Activity: Retype the data exactly, skipping any picture in it.

#### Given information ####

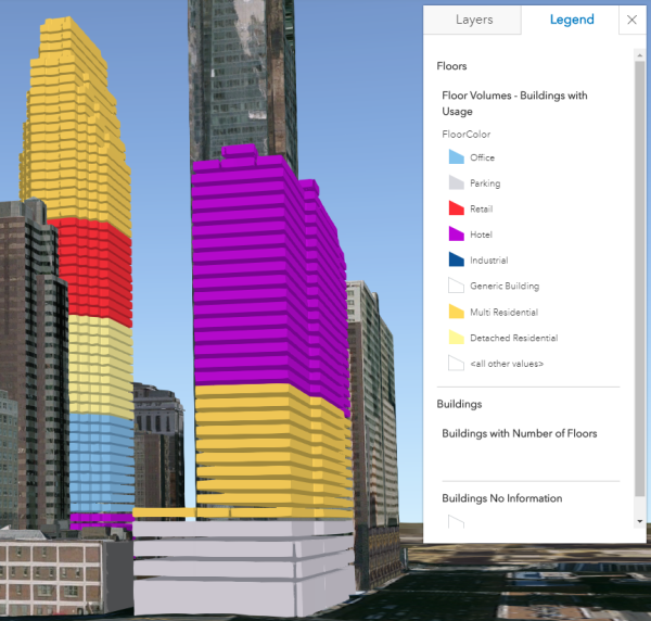 The January 2018 release of the Local Government 3D Basemap solution added the ability to create 3D floor features from existing 3D buildings. 3D floors can be used as input for creating 3D floor units or simply to visualize attributes per floor such as floor usage or floor occupancy.
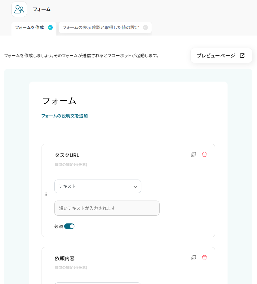 フォームは元から設定されており、タスクURLや依頼内容などが送信できるようになっています。
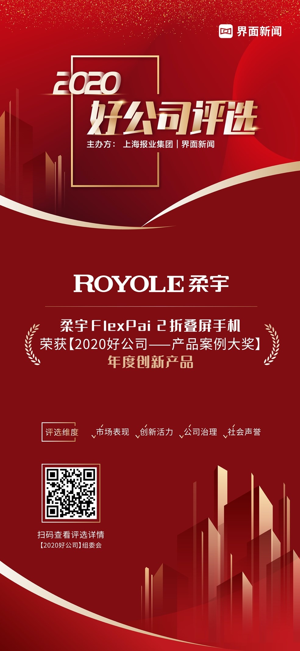 12月23日,上海报业集团l界面新闻在在上海静安瑞吉酒店举办了【2020好公司】颁奖典礼,并正式公布了本年度获奖名单。来自36个细分行业440逾家候选公司,经大众投票统计、市场表现、创新能力、治理体系和社会声誉等方面的角逐,最终54家优质企业突出重围荣登年度荣誉榜单。柔宇FlexPai 2折叠屏手机为全球首款折叠屏手机,领跑手机创新发展之路,荣膺【2020好公司——产品案例大奖】年度创新产品。

####

Final answer:
 The January 2018 release of the Local Government 3D Basemap solution added the ability to create 3D floor features from existing 3D buildings. 3D floors can be used as input for creating 3D floor units or simply to visualize attributes per floor such as floor usage or floor occupancy.
 フォームは元から設定されており、タスクURLや依頼内容などが送信できるようになっています。
 12月23日,上海报业集团l界面新闻在在上海静安瑞吉酒店举办了【2020好公司】颁奖典礼,并正式公布了本年度获奖名单。来自36个细分行业440逾家候选公司,经大众投票统计、市场表现、创新能力、治理体系和社会声誉等方面的角逐,最终54家优质企业突出重围荣登年度荣誉榜单。柔宇FlexPai 2折叠屏手机为全球首款折叠屏手机,领跑手机创新发展之路,荣膺【2020好公司——产品案例大奖】年度创新产品。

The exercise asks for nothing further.